ユーダリル
ひと時の休日
少しだけ開いた扉から中を覗き見ているのは、メイド達であった。そして部屋の住人は、奇声を発しているアルン。更にその隣に佇むのはセシリアであって、先程から無言を突き通していた。
「機嫌が悪いわね」
「当たり前よ。ウィル様が、行ってしまわれたのだから。これで悲しまなかったら、いつものアルン様ではないわ」
「ええ、そうよね」
「でも、良かったわね」
「ああ、素敵」
「デートって、いいわよね」
アルンの騒ぎとは別に、メイド達は恋の話で楽しんでいた。ユフィールはウィルと、デートへと向かった。
いや、正しくは旅立ったというべきだろう。二人はユーダリルを離れて、地上へ向かった。
どのような愚痴を言おうが、アルンの権力では、どうすることもできない。だからこそあのように暴れ、煩いほど言葉を発する。しかし、セシリアは動じない。これもまたいつものことだと、割り切っているようだ。
「流石、セシリア様」
「アルン様と、性格が反対の方がいいわね」
「ええ、威厳がないわ」
ここぞとばかりに、溜まりに溜まった愚痴を発していく。だが、アルンの耳には届いていない。いつもなら「地獄耳」という困った技能を発揮し、どんなに小さな言葉であろうと聞き分ける。

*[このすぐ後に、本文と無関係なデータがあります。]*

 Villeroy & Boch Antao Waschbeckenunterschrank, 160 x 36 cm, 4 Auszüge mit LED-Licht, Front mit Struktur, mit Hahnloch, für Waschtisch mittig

しかし今回は、ウィルのことで頭がいっぱい。それが幸いして、メイド達は愚痴を楽しむ。
「どうしてこうなるんだ!」
「アルン様の所為です」
「何?」
「ユフィールに、ウィル様の看病を任せました」
その言葉に、覗き見をしているメイド達が一斉に頷く。アルンは、間違いなく命令を下した。それも「ウィルの看病の為に」という明確な理由をつけたが、そこには落とし穴が存在した。
アルンは、相手の特定をしていなかった。だからこそメイド達はユフィールを選び、彼女を行かせた。つまり、アルンの指示不足。もう少し丁寧に細かく物事を言っていれば、このようなことにならなかった。